Department of Medical Biosciences/Physiological Chemistry, Umeå University, Umeå, Sweden.
Department of Medical Biosciences/Pathology, Umeå University, Umeå, Sweden.
PLoS One. 2023 Feb 14;18(2):e0281705. doi: 10.1371/journal.pone.0281705. eCollection 2023.
It is known that high-fat diet (HFD) and/or diabetes may influence substrate preferences and energy demands in the heart preceding diabetic cardiomyopathy. They may also induce structural glomerular changes causing diabetic nephropathy. PET/CT has been utilized to examine uptake of energy substrates, and to study metabolic changes or shifts before onset of metabolic disorders. However, conventional PET/CT scanning of organs with relatively low uptake, such as the kidney, in small animals in vivo may render technical difficulties. To address this issue, we developed a PET/CT ex vivo protocol with radiolabeled glucose and fatty acid analouges, [18F]FDG and [18F]FTHA,to study substrate uptake in mouse kidneys. We also aimed to detect a possible energy substrate shift before onset of diabetic nephropathy. The ex vivo protocol reduced interfering background as well as interindividual variances. We found increased uptake of [18F]FDG and [18F]FTHA in kidneys after HFD, compared to kidneys from young mice on standard chow. Levels of kidney triglycerides also increased on HFD. Lipoprotein lipase (LPL) activity, the enzyme responsible for release of fatty acids from circulating lipoproteins, is normally increased in postprandial mice kidneys. After long-term HFD, we found that LPL activity was suppressed, and could therefore not explain the increased levels of stored triglycerides. Suppressed LPL activity was associated with increased expression of angiopoietin-like protein4, an inhibitor of LPL. HFD did not alter the transcriptional control of some common glucose and fatty acid transporters that may mediate uptake of [18F]FDG and [18F]FTHA. Performing PET/CT ex vivo reduced interfering background and interindividual variances. Obesity and insulin resistance induced by HFD increased the uptake of [18F]FDG and [18F]FTHA and triglyceride accumulation in mouse kidneys. Increased levels of [18F]FDG and [18F]FTHA in obese insulin resistant mice could be used clinically as an indicator of poor metabolic control, and a complementary test for incipient diabetic nephropathy.

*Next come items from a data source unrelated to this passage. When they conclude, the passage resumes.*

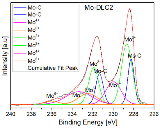 The Mo 3d core level spectrum between 225 and 238 eV reveals the presence of many Mo sites within the film (Figure 8). The Mo 3d spectra exhibited two main peaks at ~228.8 eV and 232.0 eV, attributed to the 3d5/2 and 3d3/2 core levels [17,29]. The spectra of the Mo-DLC films were divided into four distinct peaks at 228.3 ± 0.1 eV, 228.7 ± 0.1 eV, 229.3 ± 0.3 eV, and 232.4 ± 0.1 eV (Table 2). The peak at 228.4 eV is ascribed to a molybdenum carbide (Mo–C) bond. The bonds of molybdenum oxides are generally observed at 227.8 eV for Mo2+, 228.7 eV, 229.4 eV, and 232.2 eV for Mo4+, and 232.6 eV and 235.4 eV for Mo6+ [8].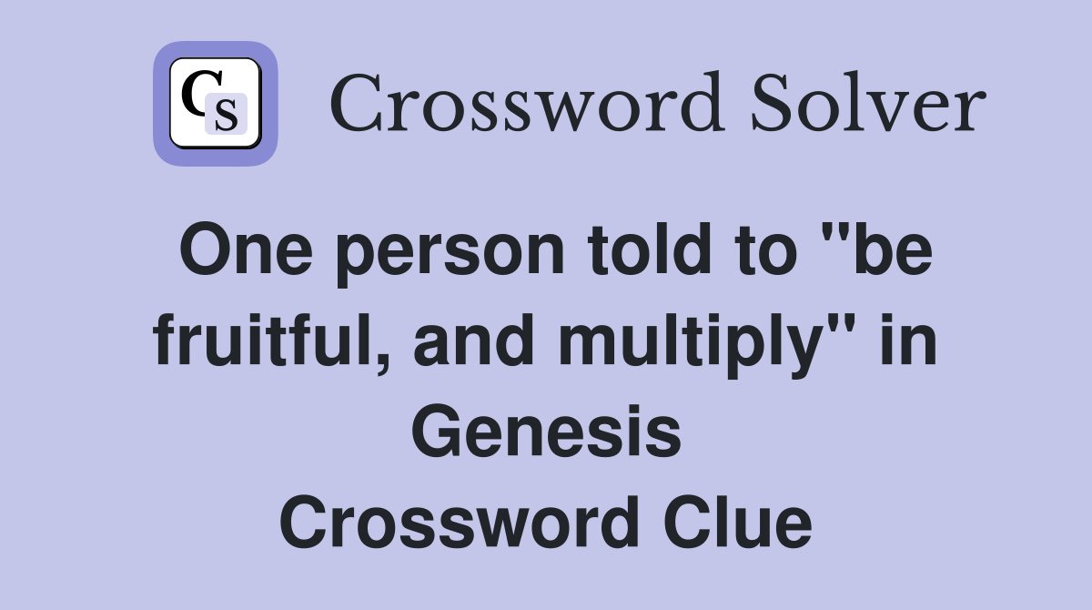 One person told to quot be fruitful and multiply quot in Genesis Crossword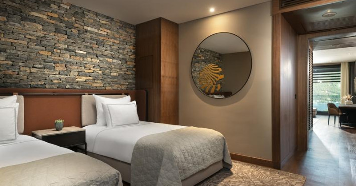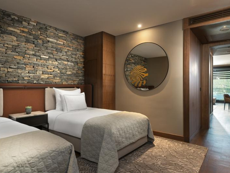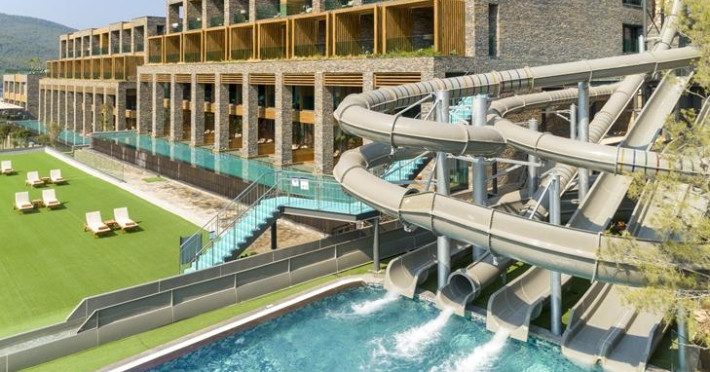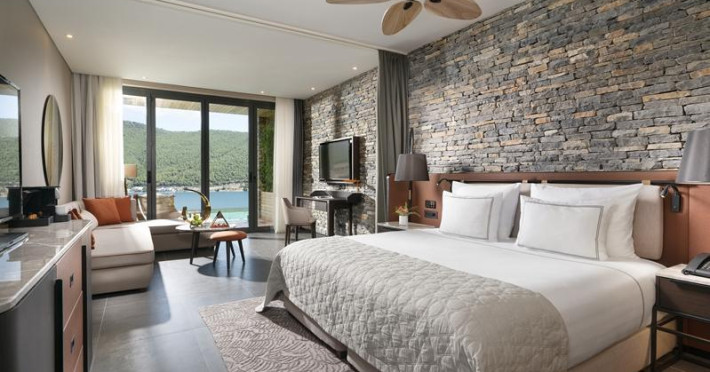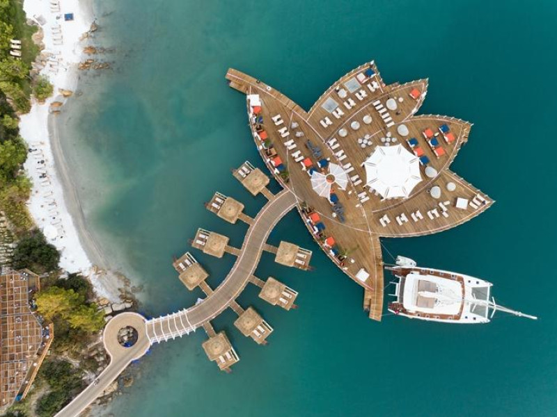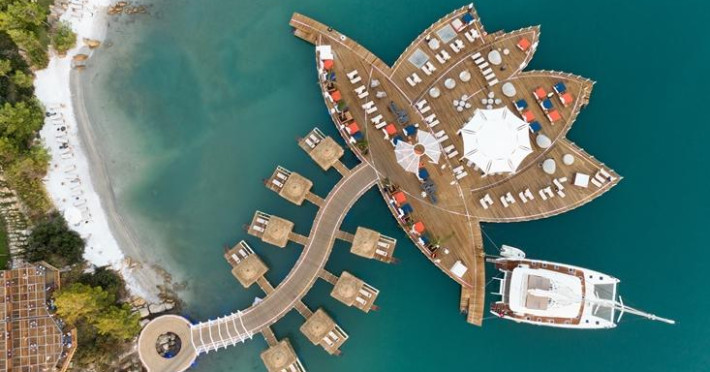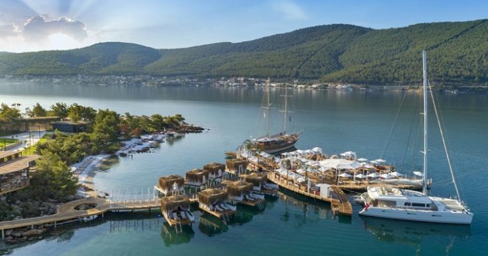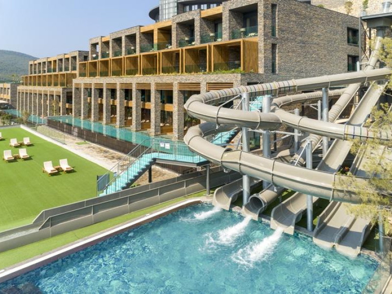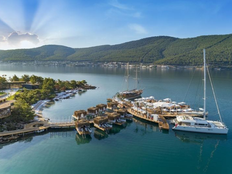 Opening in April 2018, the Lujo Hotel Bodrum is a luxury resort set alongside three private stretches of beach on Turkeyrsquo;s Mediterranean shore. In the grounds of the hotel, guests will find an array of luxurious facilities and services, as well as attractive gardens and pool areas. For families, couples and groups of friends in search of a bit of luxury, this hotel is perfect.Directly on the sandy beach. 4km from Guuml;vercinlik resort centre. 20km from Bodrum centre.

已知高脂肪饮食(HFD)和/或糖尿病可能会影响糖尿病心肌病发生前心脏的底物偏好和能量需求。它们还可能导致肾小球结构变化,从而导致糖尿病肾病。PET/CT 已被用于检查能量底物的摄取,并研究代谢紊乱发生前的代谢变化或转移。然而,在小动物体内对器官(如肾脏)进行相对摄取量低的常规 PET/CT 扫描可能会带来技术上的困难。为了解决这个问题,我们开发了一种使用放射性标记的葡萄糖和脂肪酸类似物 [18F]FDG 和 [18F]FTHA 的 PET/CT 离体方案,以研究小鼠肾脏中的底物摄取。我们还旨在检测糖尿病肾病发生前可能的能量底物转移。离体方案减少了干扰背景和个体间差异。我们发现,与标准饮食喂养的年轻小鼠的肾脏相比,高脂肪饮食后肾脏对 [18F]FDG 和 [18F]FTHA 的摄取增加。高脂肪饮食后,肾脏中的甘油三酯水平也增加。脂蛋白脂肪酶(LPL)的活性,即负责从循环脂蛋白中释放脂肪酸的酶,在餐后小鼠肾脏中通常会增加。经过长期高脂肪饮食后,我们发现 LPL 活性受到抑制,因此不能解释储存的甘油三酯水平增加的原因。LPL 活性的抑制与血管生成素样蛋白 4(LPL 的抑制剂)的表达增加有关。HFD 并未改变一些常见的葡萄糖和脂肪酸转运体的转录控制,这些转运体可能介导 [18F]FDG 和 [18F]FTHA 的摄取。进行 PET/CT 离体可减少干扰背景和个体间差异。HFD 引起的肥胖和胰岛素抵抗增加了 [18F]FDG 和 [18F]FTHA 的摄取以及小鼠肾脏中的甘油三酯积累。肥胖和胰岛素抵抗小鼠中 [18F]FDG 和 [18F]FTHA 水平的增加可在临床上用作代谢控制不良的指标,以及糖尿病肾病早期的补充检测。